Prison is a bad place for children. Solitary confinement is worse yet. Extended solitary confinement is lethal. These are not surprising statements, and the news that underwrites them, though dismaying, is not particularly shocking.
Immigration detention centers in the US, such as the Eloy Detention Center in Arizona, run by Corrections Corporation of America, or the Reeves County Detention Center, run by GEO, are lethal, fatal black holes for all residents. Joe Arpaio’s jail in Maricopa County is only the best known example of humiliation and terror against all Latinas and Latinos, irrespective of status, and which results in increased anxiety and mental health problems for Latina and Latino children.
And it is estimated that more than 60 of those held in Guantanamo were under 18 when they were arrested and sent to Cuba.
In England, Yarl’s Wood Immigration Removal Centre is so terrible for children that the entire nation is now considered unsafe for children of immigrant parents, including those seeking asylum and refuge. The place literally drives children mad.
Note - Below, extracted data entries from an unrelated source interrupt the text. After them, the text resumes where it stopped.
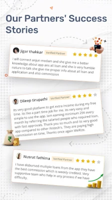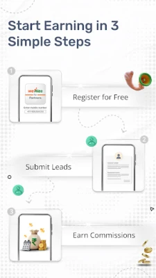 உங்கள் நிதி அறிவை லாபகரமான வணிகமாக மாற்ற, WeRize பார்ட்னர் செயலி ஒரு சிறந்த தளமாகும். இந்தியாவின் நிதித் துறையில் முன்னணி இடத்தைப் பிடித்துள்ள WeRize பார்ட்னர் ஆகி, எந்த முதலீடும் இல்லாமல், அதிக தேவை உள்ள கடன் மற்றும் சேமிப்புத் தயாரிப்புகளை உங்கள் வாடிக்கையாளர்களுக்கு வழங்கலாம். இதன் மூலம் மாதந்தோறும் ₹1 லட்சத்திற்கும் அதிகமான வருமானத்தை ஈட்டலாம். ஏற்கனவே 20,000க்கும் மேற்பட்ட பார்ட்னர்கள், இந்தியா முழுவதும் 5,000க்கும் அதிகமான நகரங்களில் உள்ள வாடிக்கையாளர்களுக்கு உயர்தர நிதி தீர்வுகளை வழங்குவதன் மூலம் பயனடைந்து வருகின்றனர். இச்செயலி நிதி ஆலோசகர்கள் மற்றும் முகவர்களின் வெற்றிக்கு ஒரு உறுதுணையாக அமைகிறது.
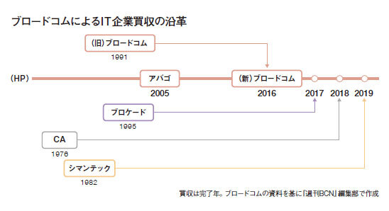 ブロードコムの主力事業は、ネットワーク機器や組み込みシステム向けの半導体チップだ。同社の起源は、61年に立ち上がったヒューレット・パッカードの半導体事業で、事業体の変遷を経て、05年からは独立企業のアバゴ・テクノロジーとして運営されていた。その後アバゴは16年に、同業のブロードコム(旧会社)を370億ドルで買収し、社名を変更した新生ブロードコムとして拡大路線にかじを切る。成立しなかったものの、17年には競合の半導体企業であるクアルコムに1300億ドルという超巨額の買収提案を行うなど、M&Aを成長戦略の中心とする姿勢をより明確化していく。
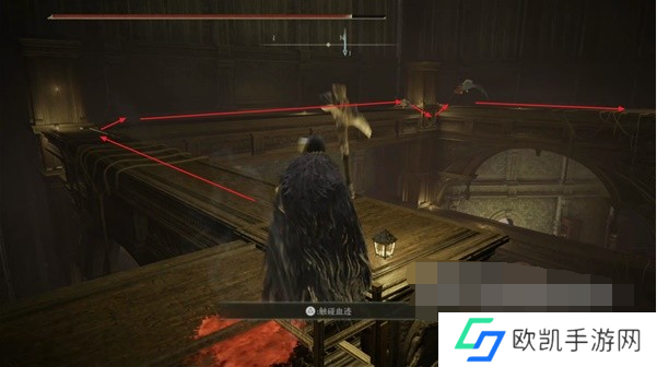 10、来到横梁上层沿着下图路线继续在横梁上走,注意右侧第二个拐角位置需要跳一下,如果掉下去还得重新按照刚才的路线跑一遍。

Juvenile centers in the United States report that sexual abuse of prisoners, by other prisoners and, more, by staff, is off the charts. In 2008 – 2009, in more than a few juvenile detention centers, a recent study suggested that nearly one out of every three prisoners suffered some sort of sexual abuse.
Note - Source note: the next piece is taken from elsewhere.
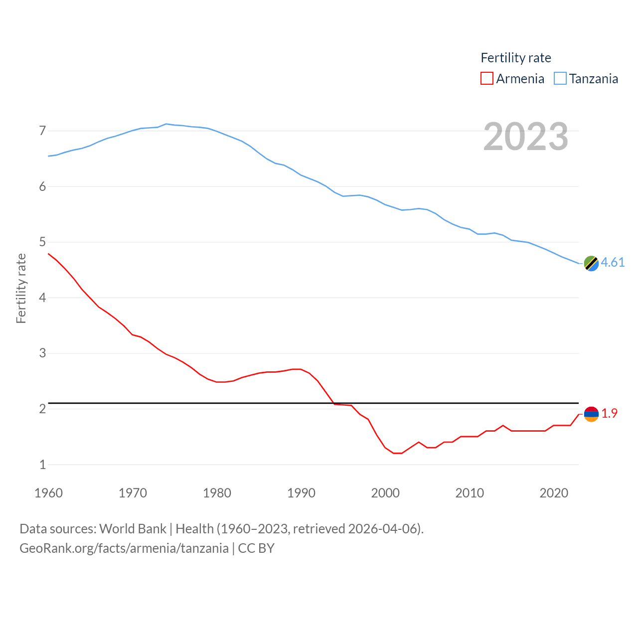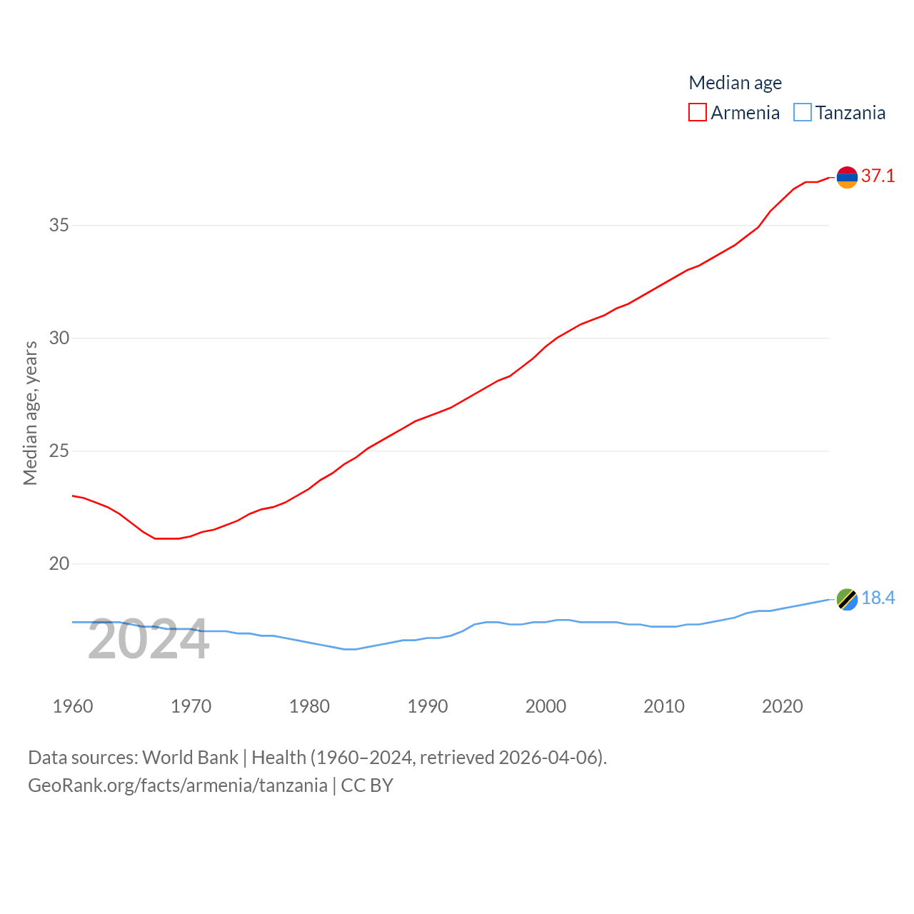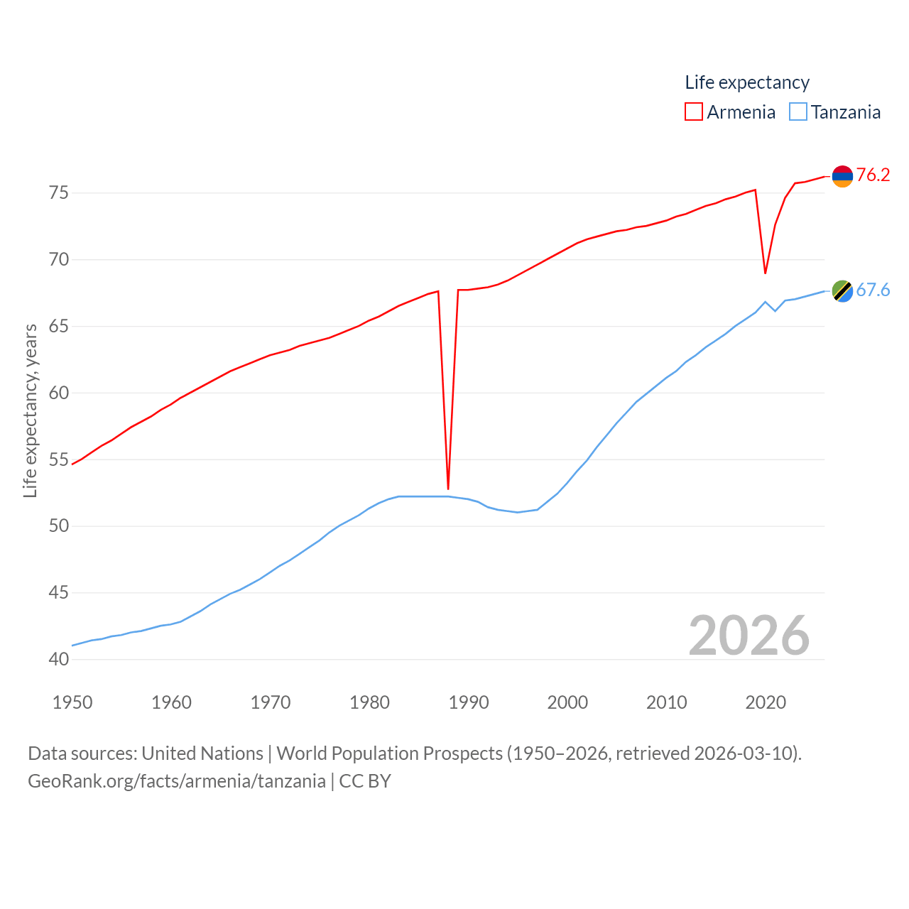 Armenia has a population of 3.03M (ranked 135/197), compared with 68.6M in Tanzania (ranked 22/197). Armenia's land area is 10,888 sq mi versus 342,009 sq mi for Tanzania (ranked 138th vs. 31st).

When children go to prison, how are they educated? According to some, they’re not at all. California is being sued in a federal class action case for failing to educate youth in their `probation camps.’
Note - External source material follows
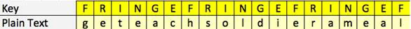 A key is required to begin the cipher process. For our example, the key is FRINGE. The message we wish to encrypt is "get each soldier a meal."
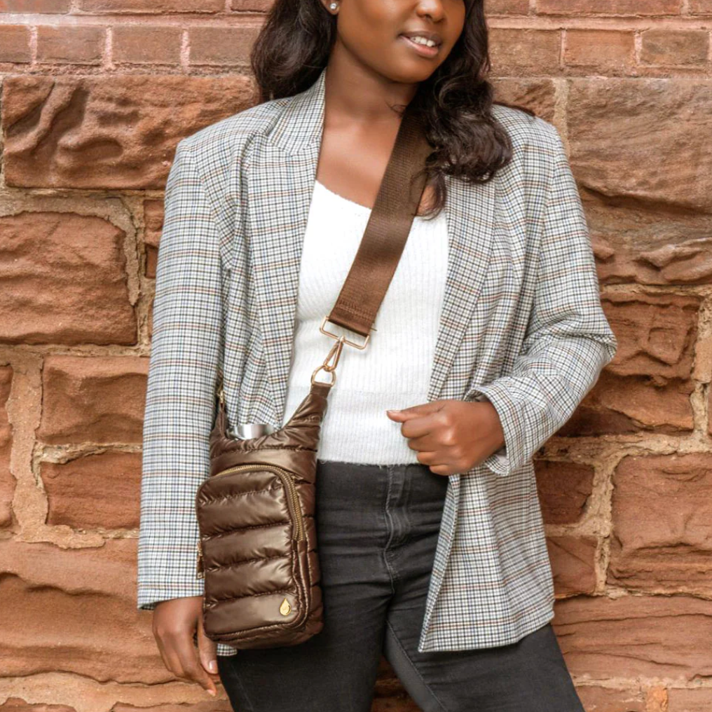 Stay hands-free and hydrated! Ideal for travel, festivals/events, walking the dog or generally life on the go! TWO large front pockets - The outer pocket is designed to fit a cell phone while the inner pocket has a place for keys, passport, credit cards & more. Large Water Resistant Pocket - Fits bottles 3.5” or less in diameter. Protect your essentials from spilled water. Ideal for water bottles, reusable cups & wine bottles (great gift)! Quality Material - Wide adjustable strap distributes bottle weight and compliments each bag. Stylish quilted fabric is durable, lightweight & trendy. Spot clean with mild detergent. . Size: 11”H x 5”W, can hold a water bottle up to 3.5 inches in diameter *Water bottle not included

These are terrible and tragic and all too familiar. Prison is a bad place, after all. Bad things happen.
Those bad things that happen to children are not restricted to prisons. Take “seclusion rooms”, for example: “Seclusion is the involuntary confinement of a student alone in a room or area from which the student is physically prevented from leaving. This includes situations where a door is locked as well as where the door is blocked by other objects or held by staff.”
This happens in schools all over the United States.
In the state of Georgia, public schools have “seclusion rooms,” solitary confinement cells. The doors are double bolted on the outside: “Seclusion rooms are allowed in Georgia public schools provided they are big enough for children to lie down, have good visibility and have locks that spring open in case of an emergency such as a fire. In 2004, Jonathan King, 13, hanged himself in one such room, a stark, 8-foot-by-8-foot “timeout” room in a Gainesville public school.” Time out. When schools put children into solitary confinement, what time is left?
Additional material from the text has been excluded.